TASK MATERIAL:
------------------------------------------------------------
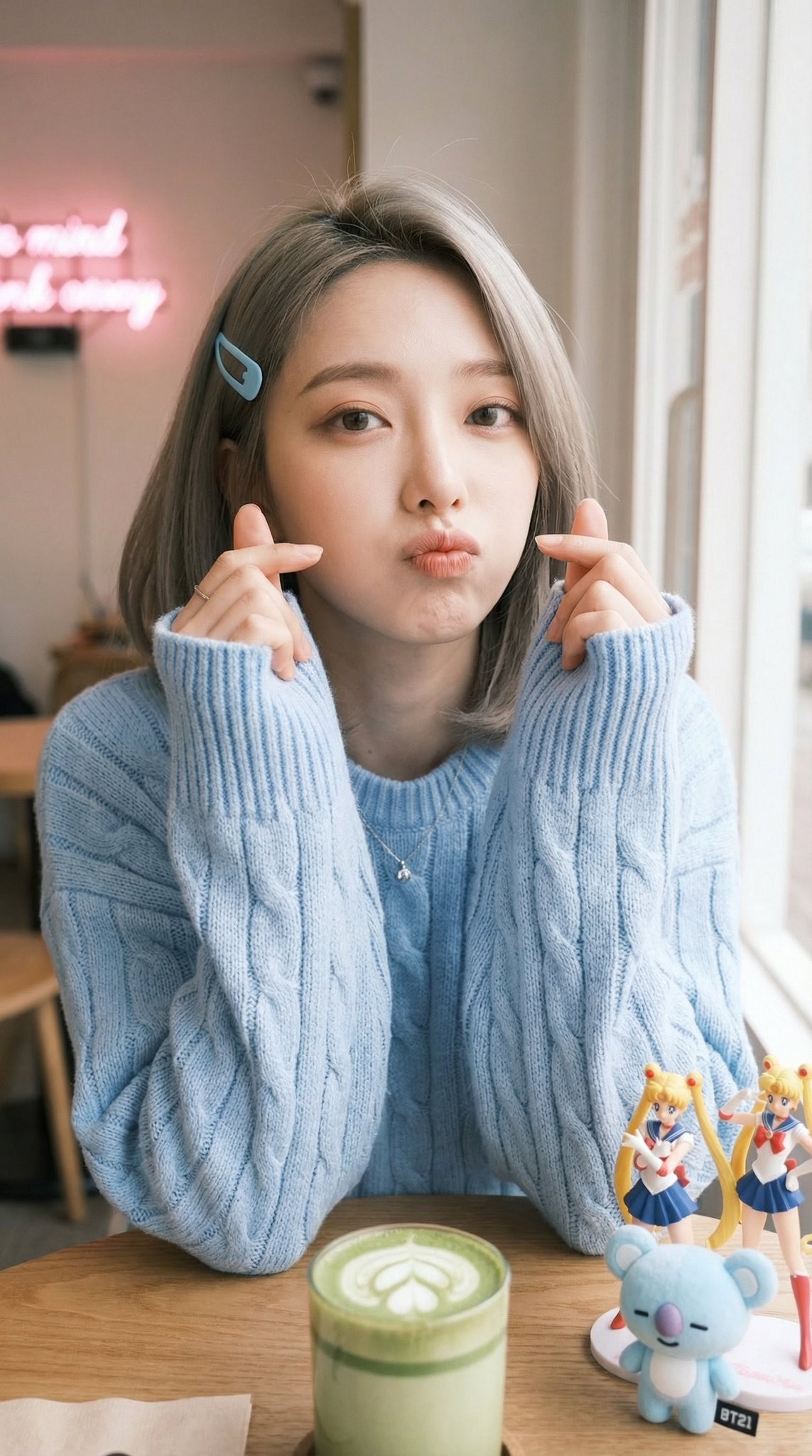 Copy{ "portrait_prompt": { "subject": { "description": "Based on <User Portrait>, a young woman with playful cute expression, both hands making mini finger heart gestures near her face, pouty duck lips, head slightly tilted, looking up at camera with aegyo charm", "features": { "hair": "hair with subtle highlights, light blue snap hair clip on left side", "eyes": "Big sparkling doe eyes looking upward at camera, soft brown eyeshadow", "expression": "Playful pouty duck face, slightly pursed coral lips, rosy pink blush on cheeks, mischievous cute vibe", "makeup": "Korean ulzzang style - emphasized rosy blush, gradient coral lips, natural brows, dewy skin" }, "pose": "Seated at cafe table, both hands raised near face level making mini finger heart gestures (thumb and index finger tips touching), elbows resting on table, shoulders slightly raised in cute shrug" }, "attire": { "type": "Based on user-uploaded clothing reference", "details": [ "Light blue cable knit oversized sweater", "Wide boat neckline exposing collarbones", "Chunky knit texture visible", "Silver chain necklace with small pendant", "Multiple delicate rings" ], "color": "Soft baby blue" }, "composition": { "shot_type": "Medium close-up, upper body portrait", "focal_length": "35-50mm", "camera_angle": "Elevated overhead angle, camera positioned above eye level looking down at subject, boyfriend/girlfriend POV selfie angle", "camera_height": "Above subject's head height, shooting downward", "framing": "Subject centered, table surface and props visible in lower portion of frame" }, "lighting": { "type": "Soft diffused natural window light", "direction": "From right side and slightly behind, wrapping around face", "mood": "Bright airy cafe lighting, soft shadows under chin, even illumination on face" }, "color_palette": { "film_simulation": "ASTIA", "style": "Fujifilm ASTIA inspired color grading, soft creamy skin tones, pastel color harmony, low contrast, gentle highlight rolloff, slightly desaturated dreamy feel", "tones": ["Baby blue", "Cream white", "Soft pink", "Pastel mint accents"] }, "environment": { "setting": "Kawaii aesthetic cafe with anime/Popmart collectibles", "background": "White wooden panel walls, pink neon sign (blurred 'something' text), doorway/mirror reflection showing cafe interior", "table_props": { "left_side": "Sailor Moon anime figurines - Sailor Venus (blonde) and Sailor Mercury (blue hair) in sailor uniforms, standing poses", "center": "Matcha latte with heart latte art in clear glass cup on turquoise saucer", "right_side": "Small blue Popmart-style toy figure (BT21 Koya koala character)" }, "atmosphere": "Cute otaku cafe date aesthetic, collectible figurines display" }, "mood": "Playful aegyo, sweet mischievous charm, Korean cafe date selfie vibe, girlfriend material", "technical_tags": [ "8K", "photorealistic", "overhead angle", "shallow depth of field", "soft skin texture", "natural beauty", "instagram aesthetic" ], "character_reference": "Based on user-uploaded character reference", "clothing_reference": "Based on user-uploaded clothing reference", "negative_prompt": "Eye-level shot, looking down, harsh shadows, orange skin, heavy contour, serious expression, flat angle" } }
------------------------------------------------------------
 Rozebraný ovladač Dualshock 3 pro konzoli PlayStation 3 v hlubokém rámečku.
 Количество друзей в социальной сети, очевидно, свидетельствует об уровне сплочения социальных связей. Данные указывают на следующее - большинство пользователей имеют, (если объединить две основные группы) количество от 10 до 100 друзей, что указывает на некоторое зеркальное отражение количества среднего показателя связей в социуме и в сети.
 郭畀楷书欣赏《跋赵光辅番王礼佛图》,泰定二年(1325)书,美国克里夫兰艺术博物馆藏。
------------------------------------------------------------
WHAT IS REQUIRED:
Output exactly one stretch of the listing: from the line containing "Количество друзей в" through the line containing "郭畀楷书欣赏《跋赵光辅番王礼", both end lines included.

TASK RESPONSE:
 Количество друзей в социальной сети, очевидно, свидетельствует об уровне сплочения социальных связей. Данные указывают на следующее - большинство пользователей имеют, (если объединить две основные группы) количество от 10 до 100 друзей, что указывает на некоторое зеркальное отражение количества среднего показателя связей в социуме и в сети.
 郭畀楷书欣赏《跋赵光辅番王礼佛图》,泰定二年(1325)书,美国克里夫兰艺术博物馆藏。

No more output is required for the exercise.